Black hole precessing model (created by Midori Kitagawa)

OXFORD, Miss. – A global team of scientists, including a University of Mississippi physicist, provides new insight about the most energetic event in the universe: the merging of two spinning, orbiting black holes into a larger black hole.

The research findings by Emanuele Berti, UM associate professor of physics and astronomy, and his colleagues appear in the March issue of Physical Review Letters, one of the most prestigious peer-reviewed academic journals in the field. “Effective potentials and morphological transitions for binary black-hole spin precession” is co-authored by scientists Michael Kesden, Davide Gerosa, Richard O’Shaughnessy and Ulrich Sperhake.

PRL is among several publications produced by the American Physical Society and American Institute of Physics describing selected physics research papers to a broad audience of physicists, journalists, students and the public. This paper details how the scientists, who work in the United Kingdom and the U.S., explored the influence of black hole spins on the dynamics of black hole mergers.

“The work should have significant impact upon our understanding of how black holes are born, live and die, and also on the search for gravitational waves in the cosmos,” Berti said.

Albert Einstein’s theory of general relativity predicts that two massive objects in a binary system should move closer and closer together as the systems emit a type of radiation called gravitational waves. Using gravitational waves as an observational tool, researchers could learn about the characteristics of the black holes that were emitting those waves billions of years ago, such as their masses and mass ratios. That data is important to more fully understanding the evolution and nature of stars and black holes.

This year, a large-scale physics experiment called the Laser Interferometer Gravitational-wave Observatory aims to be the first to directly detect gravitational waves. LIGO is the largest physics project funded by the National Science Foundation.

“The equations that we solved will help predict the characteristics of the gravitational waves that LIGO would expect to see from binary black hole mergers,” Kesden said. “We’re looking forward to comparing our solutions to the data that LIGO collects.”

The equations the team solved deal specifically with the spin angular momentum of binary black holes and a phenomenon called precession. Angular momentum is a measure of the amount of rotation a spinning object has. Spin angular momentum not only includes the speed at which the object rotates, but also the direction in which that spin points. For example, a spinning figure skater’s angular momentum would point up.

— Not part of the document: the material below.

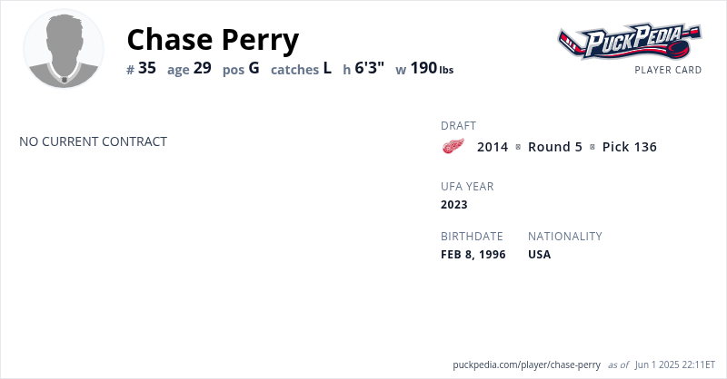 | 2022-23 | 26 | ECHL | Allen Americans | 22 | 3.02 | 0.921 | 0 | Playoffs | 4 | 4.77 | 0.908 | 0 | ||||||||||||||||||
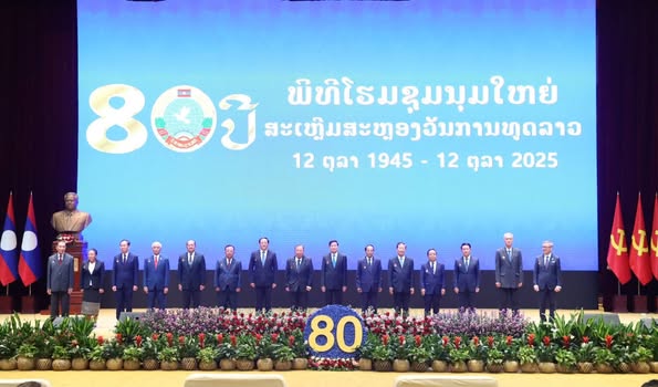 ກະຊວງການຕ່າງປະເທດ ຈັດພິທີສະເຫລີມສະຫລອງວັນການທູດລາວ ຄົບຮອບ 80 ປີ (12 ຕຸລາ 1945-12 ຕຸລາ 2025) ໃນວັນທີ 10 ຕຸລາ 2025 ໂດຍການເປັນກຽດເຂົ້າຮ່ວມຂອງ ທ່ານ ທອງລຸນ ສີສຸລິດ ເລຂາທິການໃຫຍ່ຄະນະບໍລິຫານງານສູນກາງພັກ, ປະທານປະເທດ ແຫ່ງ ສປປ ລາວ, ມີບັນດາກໍາມະການກົມການເມືອງສູນກາງພັກ, ຄະນະເລຂາທິການສູນກາງພັກ, ອະດີດການນໍາຂັ້ນສູງ, ບັນດາການນໍາພັກ-ລັດ, ພະນັກງານບັນດາສໍານັກງານຜູ້ຕາງໜ້າ ແຫ່ງ ສປປ ລາວ ປະຈໍາຢູ່ຕ່າງປະເທດ ເຂົ້າຮ່ວມ.

Another type of angular momentum, called orbital angular momentum, applies to a system in which objects are orbit about each another. Orbital angular momentum also has a speed (related to how fast the objects move around each other) and a direction.

“In a binary black hole system, the directions of the individual types of angular momenta change, or precess, over time,” Sperhake said.

“In these systems, you have all three angular momenta, all changing direction in time,” Kesden said. “The solutions that we have now describe the shapes that are traced out by the precessing spins of these black holes.”

In addition to solving existing equations, the researchers also derived equations that will allow scientists to statistically track binary black hole spin precession from the formation of black holes to their merger far more efficiently and quickly than has been possible.

“With these solutions, we can create computer simulations that follow black hole evolution over billions of years,” Kesden said. “A simulation that previously would have taken years can now be done in seconds. But it’s not just faster; there are things that we can learn from these simulations that we just couldn’t learn any other way.”

Berti earned his doctorate at the University of Rome in Italy. He later worked in Greece, France and the U.S. before moving to UM, where he is an associate professor. He is also a visiting associate professor at the California Institute of Technology and the recipient of a highly competitive CAREER Award from the National Science Foundation. His research interests include theoretical astrophysics and relativity, black holes, neutron stars, gravitational wave emission and detection and experimental tests of Einstein’s general relativity theory.

Kesden earned his doctorate in physics from the California Institute of Technology. He is an assistant professor of physics at the University of Texas at Dallas and recipient of a 2015 Sloan Research Fellowship. These prestigious fellowships recognize the most promising scientific researchers for their achievements and potential among the next generation of scientific leaders in the U.S. and Canada.

Sperhake is a lecturer at the Department of Applied Mathematics and Theoretical Physics of the University of Cambridge, an adjunct professor of physics at UM and a visiting associate professor at the California Institute of Technology.

Gerosa was a summer student at the California Institute of Technology, a visiting student at UM and a Master’s student in Milan (Italy) under Berti’s supervision. He was awarded an Isaac Newton Studentship and he is a doctoral student working under Sperhake’s supervision in Cambridge. In February, Gerosa got a prize for the best poster at the conference “Compact Objects as Astrophysical and Gravitational Probes” for work based on this paper.

O’Shaughnessy is an assistant professor at the Rochester Institute of Technology and a member of the LIGO Scientific Collaboration.

This study was funded, in part, by National Science Foundation Grant No. PHY-0900735 and by CAREER Grant No. PHY-1055103.